"Who?" Winston tried unsuccessfully to extract his arm from her grasp.

"I know he wanted to take the guns you have, but they were for us to fight for our freedom. He wished you no harm."

Good God, so she had been part of it too! He almost laughed aloud, thinking how Benjamin Briggs had been cozened by all his slaves, even his half-African mistress. "You mean that Yoruba, Atiba? Tell him he can go straight to hell. Do you have any idea what he had his men do last night?"

She looked up, puzzled, her eyes still pleading through the rain.

"No, I don't suppose you could." He shrugged. "It scarcely matters now. But his parting words were an offer to kill me, no more than a few hours ago. So I say damned to him."

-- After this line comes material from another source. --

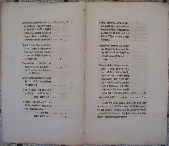 | Keywords: Fell-Tarife Friedrich August von Sachsen etc 1801 (2).jpg Preisedikt für Felle von 1801 de <br> Seite 2<br> Rindshäute das Stück mit - Thl 1 Gr 3 Pf ausländische deren dergestaltige Qualität durch Grenzbescheinigungen oder sonst hinlänglich beigebracht worden bleiben bei dem bisherigen Satz vom Stück - - 9 Roß- Esels- Hirsch- und alle Wildhäute außer nachbenannten Reh- und Hasenfellen Fuchsbälgen und Fröschlingshäuten das Stück mit - 1 - Schweinshäute Rehfelle und Fuchsbälge das Stück mit - 1 - <br> Die Häute von wilden Schweinen als Wildhäute Bock- Ziegen- Hundsfelle desgl Ferkel- und Fröschlingshäute das Stück mit - - 3 Kalb- Hammel- und Schaaffelle mit Wolle 100 Stück mit - 8 4 <br> oder 1 Stück mit - - 1 Hammel und Schaaffelle ohne Wolle ingleichen Zickel- Lämmer- und Hasenfelle 100 Stück mit - 4 2 <br> oder 2 Stück mit - - 1 Seite 3 Kälber Lämmer Ferkel und Fröschlinge werden ein halbes Jahr für jung Vieh geachtet nachher aber die Felle nach den höhern Sätzen des alten Viehes vergeben Schaaf- und Hammelfelle werden ein Vierteljahr lang nach der Wollschur noch als unbewollt hernach aber als bewollt betrachtet Rauchwerck das kostbar von Hermelin Zobel- Marder Bären und Tiegerhäuten Luchse schwarze- blaue- weiße Creuz- Podolische- Podolien Gebiet in der südwestlichen Ukraine und im nordöstlichen Moldawien und Griesfüche weißer Wolf weißer Hasen Parangen žschwarze zarte Lammfelle Schmaßen Lammfell-Schmaschen Feh- Marderschwänze Fischotter englisch Kanin und dergleichen á - Thl - Gr 9 Pf <br> gemeines Rauchwerck á Thl - - 6 2 Bei dem Vieh welches in Städten geschlachtet wird und wo die im Tarif sub voce Schlachten geordnete Schlachtaccise eintritt sollen bei Entrichtung derselben sogleich die Haut oder das Fell nach vorstehenden Sätzen gesondert vergeben werden Fortsetzung nächste Seite Collection G C Franke 1801-03-31 Friedrich August von Sachsen PD-old-100 Fell-Tarife Friedrich August von Sachsen etc 1801 2 Ausschnitt jpg <gallery> Fell-Tarife_Friedrich_August_von_Sachsen_etc_1801 1 jpg Fell-Tarife Friedrich August von Sachsen etc 1801 2 crop jpg Ausschnitt dieser Seite Rauchwerk Fell-Tarife Friedrich August von Sachsen etc 1801 2 Ausschnitt 2 jpg Ausschnitt dieser Seite Fell-Tarife_Friedrich_August_von_Sachsen_etc_1801 3 jpg Fell-Tarife_Friedrich_August_von_Sachsen_etc_1801 4 jpg </gallery> Furriers in Germany Fur wholesale dealers in Germany Domestic dog fur-skins Sheepskins Calf fur-skins Red fox fur-skins Deer skins Pony fur-skins Donkey fur-skins Hare fur-skins Goat fur-skins Sable fur-skins Marten fur-skins Bear fur-skins Cross-fox fur-skins Gray fox fur-skins Wolf fur-skins Squirrel fur-skins Rabbit fur-skins Otter fur-skins Polar fox fur-skins Collection G C Franke 1801 in Germany 1801-03-31 Fur trading values Skins 1801-03-31 Fur fashion in 1801 |

"He is a man. No more than you, but no less. He was bom free; yet now he is a slave. His people are slaves." She paused, and when she did, a distant roll of thunder melted into the rain. "He did what he had to do. For his people, for me."

"All he and his 'people' managed was to help the Commonwealth bring this island to its knees."

"How? Because he led the Yoruba in a revolt against slavery?" She gripped his arm even tighter. "If he helped defeat the planters, then I am glad. Perhaps it will be the end of slavery after all."

Winston smiled sadly. "It's only the beginning of that accursed trade. He might have stopped it—who knows?—if he'd won. But he lost. So that's the end of it. For him, for Barbados."

"But you can save him." She tugged Winston back as he tried to brush past her. "I know you are leaving. Take him with you."